Remember, classical conditioning requires the existence of some kind of innate reflex.
It basically causes an initially neutral stimulus to give rise, to be conditioned so that it gives rise to some innate reflexive response.
Uprime conditioning has nothing to do with reflexes.
It's about conscious or what we might call voluntary behavior, although the behavior of school wouldn't actually like using those words,
but that's how we describe it.
It's not reflex, it's voluntary behavior.
So anything that involves a reflex or involuntary action is going to be classical conditioning.
Anything that involves some kind of decision is going to be operant conditioning,
or for the most part.
Another difference is that operant conditioning basically involves reinforces and punishments.
So operant conditioning is consequential.
It's about what happens after the act or the response occurs.

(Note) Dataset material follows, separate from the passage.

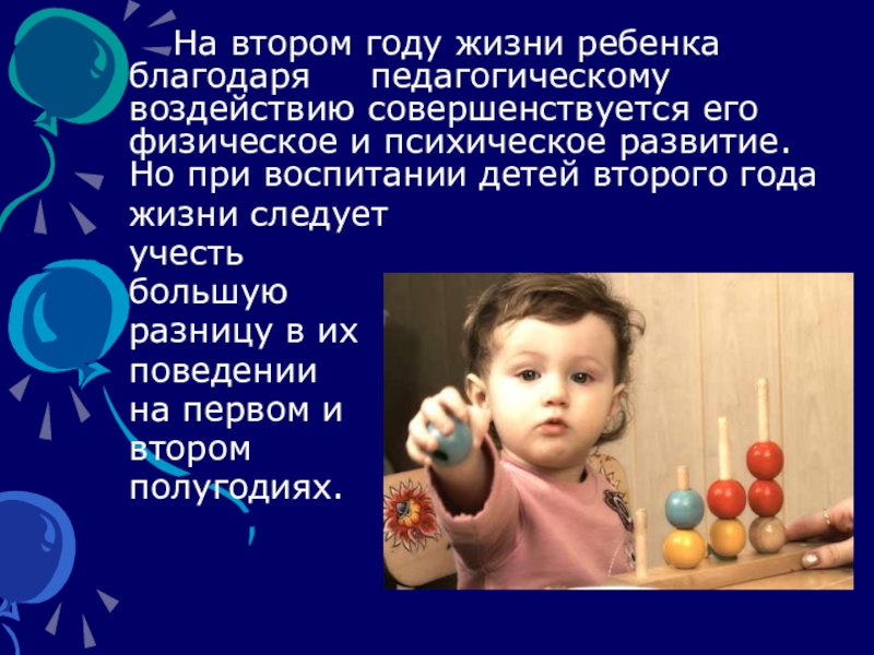 Слайд 8 На втором году жизни ребенка благодаря педагогическому воздействию

Classical conditioning is the opposite.
It's pretty much all about what happens before.
There's some stimulus which then gives rise for the response.

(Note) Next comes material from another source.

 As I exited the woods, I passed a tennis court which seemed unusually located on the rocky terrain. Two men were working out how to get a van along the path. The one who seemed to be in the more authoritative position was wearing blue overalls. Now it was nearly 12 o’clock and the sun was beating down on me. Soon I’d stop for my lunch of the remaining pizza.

It's about the stimulus being a predictor for another stimulus,
then gives rise to a response. Operant conditioning has nothing to do with stimulus as predicting.
It's all about the consequences. I want to do this, or I'm going to do this,
because I will get a good consequence, or in order to avoid this bad consequence.
So classical conditioning is sort of backward-looking at stimuli being predictors.
Operant conditioning is consequential looking at what's going to happen after the action
and anticipating that. Okay, so I said that operant conditioning was about reinforcers and
punishments. Now I need to talk about what those are. A reinforcer is defined as some event,
or stimulus that makes a following behavior or a succeeding behavior more likely to occur.
And the behavior that is being reinforced is called the target response.
A punishment is basically the opposite of a reinforcer.
It's some event or stimulus that makes a succeeding behavior less likely to occur or less likely to reoccur.
So basically, a reinforcer is something that the organism likes and therefore they want it again.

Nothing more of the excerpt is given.